Exercise data section start

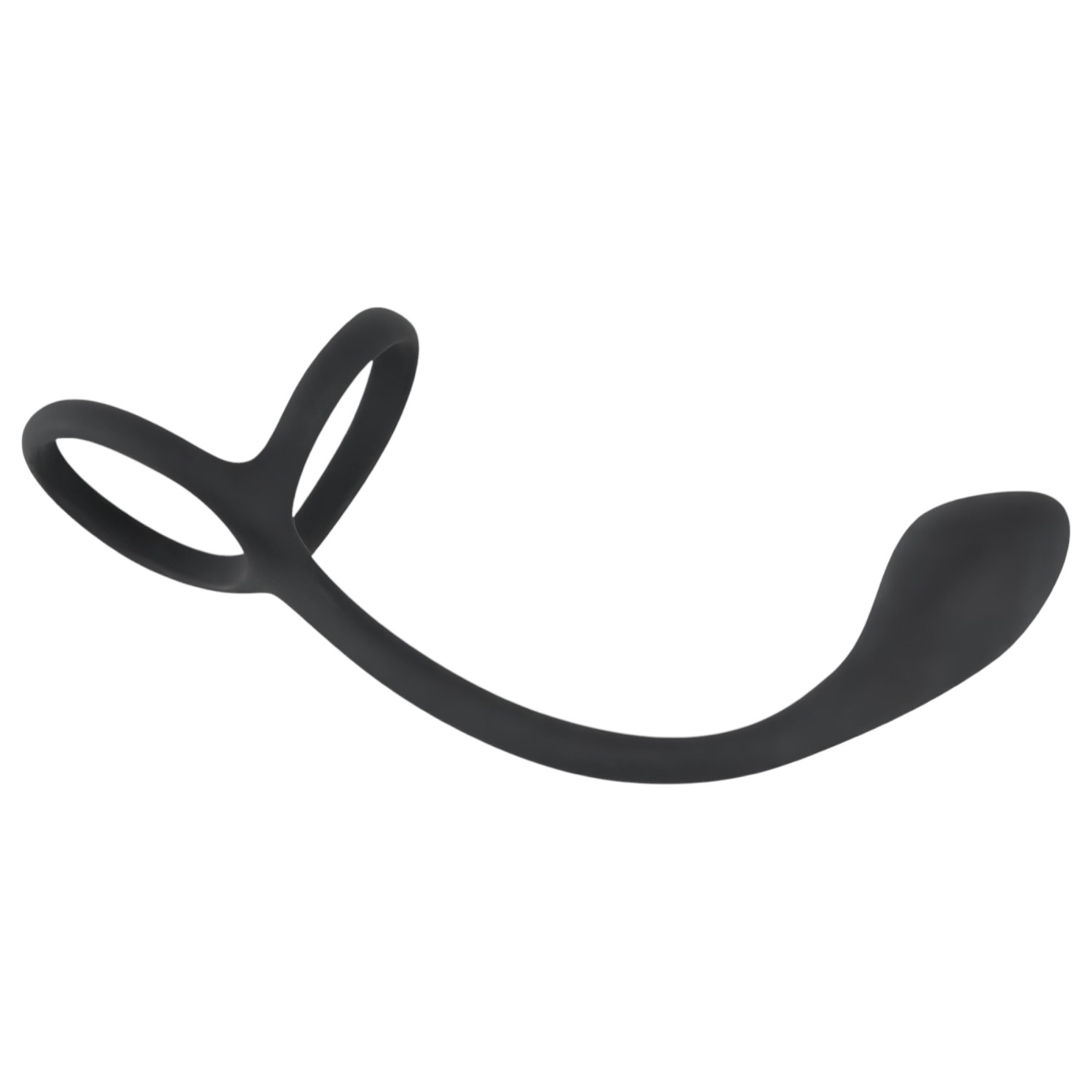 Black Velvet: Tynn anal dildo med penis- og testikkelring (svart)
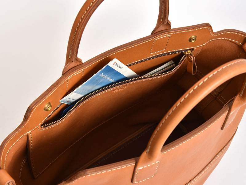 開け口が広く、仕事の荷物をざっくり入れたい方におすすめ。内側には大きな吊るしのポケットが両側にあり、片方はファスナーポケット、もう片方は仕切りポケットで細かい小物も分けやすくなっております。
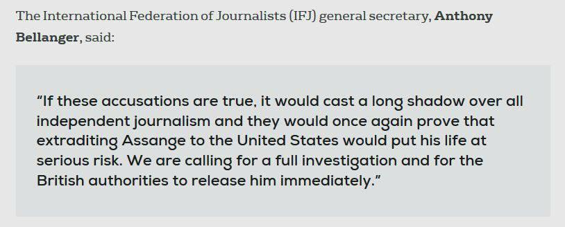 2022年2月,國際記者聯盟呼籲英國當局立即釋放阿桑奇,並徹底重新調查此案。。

Exercise data section end

» **Your task**
Everything in the material above must be repeated exactly, apart from its pictures.

» **Answer for the task**
 Black Velvet: Tynn anal dildo med penis- og testikkelring (svart)
 開け口が広く、仕事の荷物をざっくり入れたい方におすすめ。内側には大きな吊るしのポケットが両側にあり、片方はファスナーポケット、もう片方は仕切りポケットで細かい小物も分けやすくなっております。
 2022年2月,國際記者聯盟呼籲英國當局立即釋放阿桑奇,並徹底重新調查此案。。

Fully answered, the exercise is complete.